老人之间(第2/7页)
老人对这一切像是早有预料,眼睛望着小石窗,看着熹微的天色。后来他走出去。曲也跟上出来。老人抬起头往东看去。曲看着他眯缝的双目,知道他在寻找东方第一缕阳光。那阳光迟迟没有伸出。就这样,两个老人一块儿等待,谁也不说话。不知过了多久,松树的枝桠间突然射出了一道橘红色光束,紧接着各种鸟雀开始了欢快蹦跳。它们在松树空隙里翻腾、打斗。曲差不多听见了它们的嘎嘎笑声。老人装了一锅烟吸起来,把湿漉漉的烟嘴一下子插到曲的嘴里。曲从来没有吸过烟,这时候却用力吸了一口,马上呛得咳嗽起来。老人立刻把烟锅取回,说:
“一个吸烟的人,一个不吸烟的人——这两个古怪的老头能住到一起吗?”
曲知道这是一句玩笑话。
又停了一瞬,老人缓缓地转过脸。曲看着他。他点点头,把手搭到曲的肩膀上:“伙计,我们俩好不容易才混到一个人过的份上,这不容易啊!你还是回吧。我知道你是好意,可是我不能和你住在一块儿。”
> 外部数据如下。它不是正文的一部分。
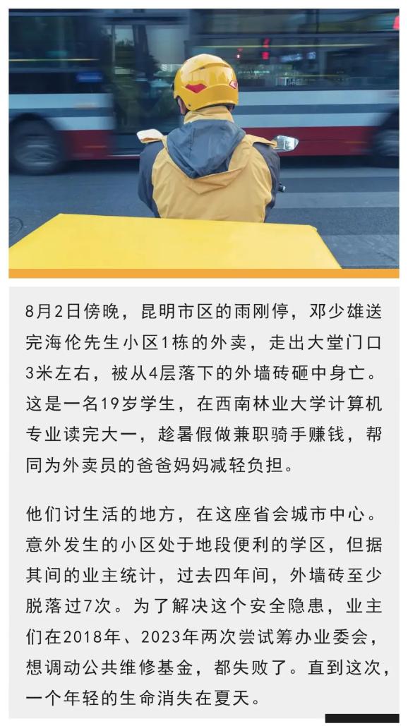 邓少雄刚在西南林业大学计算机专业读完大一,趁假期做了兼职骑手。老邓后来在儿子手机里看到,8月2日下午5点左右有一单海伦先生小区1栋的外卖,客户点了一份干拌面和一碗贵妃醪糟。按5点43完成订单的时间,老邓估算,儿子大概是5点45分从电梯下来,走出大楼后被脱落的外墙砖砸中。

曲觉得身上像被人打了一掌,周身都感到疼痛。他往后倒退了几步。他的脸热辣辣的。他在这个时刻才明显感到,他的自尊受到了真正沉重的一击。他像被当众鞭了一番似的。
他一声没吭,咬着牙到土炕上抓起背囊,背上肩膀,低着头走出来。
那个老人看也没看一眼,一直在盯着松树间打斗的鸟雀和那一缕缕彩色的阳光。他向老人道一声别,嗓音嘶哑。可是老人一声没应。曲往大山深处走去了。他走开了一段,又站住了。
他转过身,直盯盯地看着被霞光勾勒出清晰剪影的那个老人。他这时才发现:这个人像自己一样瘦弱、矮小。可是这个人的心多硬啊。难道就这样离去吗?不!他往回走了几步,又走了几步。
“老哥,我就要走了,我想最后问你一句:到底为什么?”
老人这才转过身,点点头:“好吧。就告诉你。我这个人哪,和谁也合不到一块儿去。时间短了行,我们可以成个好友,时间长了咱俩就会结仇。你想知道吗?我告诉你,我和我的兄弟也合不到一块儿去,我让你走开是为了和你做个朋友,免得日后成了仇人。我也想告诉你:你要真把我当成朋友的话,那么有工夫就来看看我。有用得着我的地方也来找我,保险错不了。我还想劝你,千万不要和别人合到一块儿过,人和人是合不到一块儿去的。你逃出来了,成了一个人,就要一个人去过日月。你说年纪大了,活不久了,要互相照料,这又错了。还是自己照料自己吧。能活就好好活,不能活就一个人去死。”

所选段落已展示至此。